I’m 50 Now, and the Thing I Loved Has Changed
JAMESRANDALL.COM
… and the changes are coming in waves.
Over the Christmas period we observed an uptick in people sharing their amazement at the power of the latest models. People experiencing first hand the power of agentic loops and long-running agent execution. Learning that the way to be most productive in this new world requires adaption, and a fundamental change in their role.
But boy were they productive.
Now we seem to be experiencing a post-Christmas slump. I’ve recently shared numerous posts from experienced engineers who are on the one hand AI optimists. They have adapted, they are running faster. They are doing things they never would have imagined. But at the same time they have lost …. something?
Something that is hard to articulate.
James Randall has a similar journey to myself (and so many others), starting life programming on computers where you could easily understand the full stack, right down to the schematic.
Technology has evolved, and become infinitely more complicated. But the skills needed to be effective have stayed much more constant. And the joy of exploring, learning, creating and problem solving has endured.
But this time, things feel different. And it is deeply unsettling.
We mourn our craft - I didn’t ask for this and neither did you
NOLANLAWSON.COM
AI is amazing, what it can create is amazing, the speed at which it can create it is amazing. But it isn’t all upside. It is almost certainly going to have an impact of the craft of software engineering.

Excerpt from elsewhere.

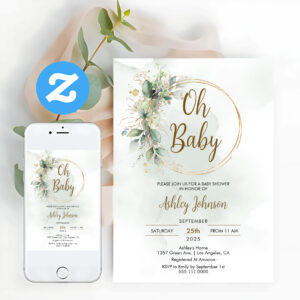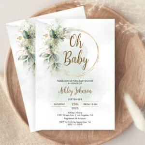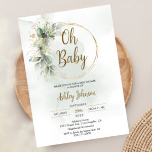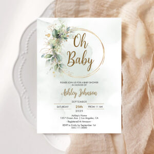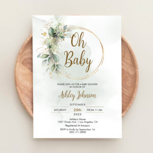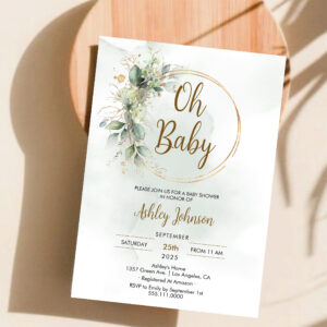 Boho Floral Oh Baby Green And Gold Baby Shower Invitation

And I am quite deliberate in my use of the word ‘craft’. Most people who work in software not only enjoy the products they create, but also enjoy the creation process itself. In fact, a lot of us enjoy the creation process the most (users are a pain!)
“I didn’t ask for a robot to consume every blog post and piece of code I ever wrote and parrot it back so that some hack could make money off of it.”
This isn’t an easy time for our industry, we’re faced with greater productivity, but at the same time it feels like we are losing something.
“We’ll miss the feeling of holding code in our hands and molding it like clay in the caress of a master sculptor.”
This blog post is short, but gets right to the point. Nolan isn’t denying that the world is changing fast, he isn’t actively resisting. But the pain is real.
“Now is the time to mourn the passing of our craft.”
As someone who has spent countless hours crafting software, writing code just for the fun of it, I feel the loss too.
Building a C compiler with a team of parallel Claudes
ANTHROPIC.COM
Claude Opus 2.6 has just been released, with a focus on agentic coding and its increased ability to undertake complex software tasks over long timescales. The benchmark scores have of course increased, but I’m much more interested in ‘real world’ applications of this technology.
In this post an Anthropic engineer shares a story of how coordinating a team of agents in order to create a C compiler (written in Rust) that can compile Linux 6.9 on x86, ARM, and RISC-V. A pretty ambitious project.
Two weeks later, after 2,000 Claude Code sessions (at a cost of $20k), the 100,000 lines-of-code project was functional. Not a perfect compiler, a bit slow, and a 99% benchmark score, but good enough to compile QEMU, FFmpeg, SQlite, postgres, redis and of course Doom.

This post is quite honest about this being an ideal problem for an agent, with a near perfect evaluation and feedback mechanism. But it is sill deeply impressive and there is much we can learn from those who are pushing agentic coding to the very limit.
Introducing GPT‑5.3‑Codex‑Spark
OPENAI.COM
An ultra-fast model for real-time coding in Codex …
OpenAI has launched GPT-5.3-Codex-Spark, a real-time coding variant of its Codex family optimised for ultra-fast feedback loops inside editors and terminals. This marks a bit of a departure from other recent model releases which have been focussed on overall capability (benchmark scores, long-running task execution etc). Running on specialised hardware with a >1,000 tokens/sec inference speed and a 128k context window, Spark trades some deep reasoning for responsiveness, making incremental edits and rapid iteration feel almost synchronous.
The initial buzz on Hacker News reflects this duality: many developers are excited by the speed and real-time interaction, seeing it as a way to keep “in the flow” when sketching code or refining logic, while others highlight that its depth and consistency can feel lighter compared with the full GPT-5.3-Codex in more complex tasks.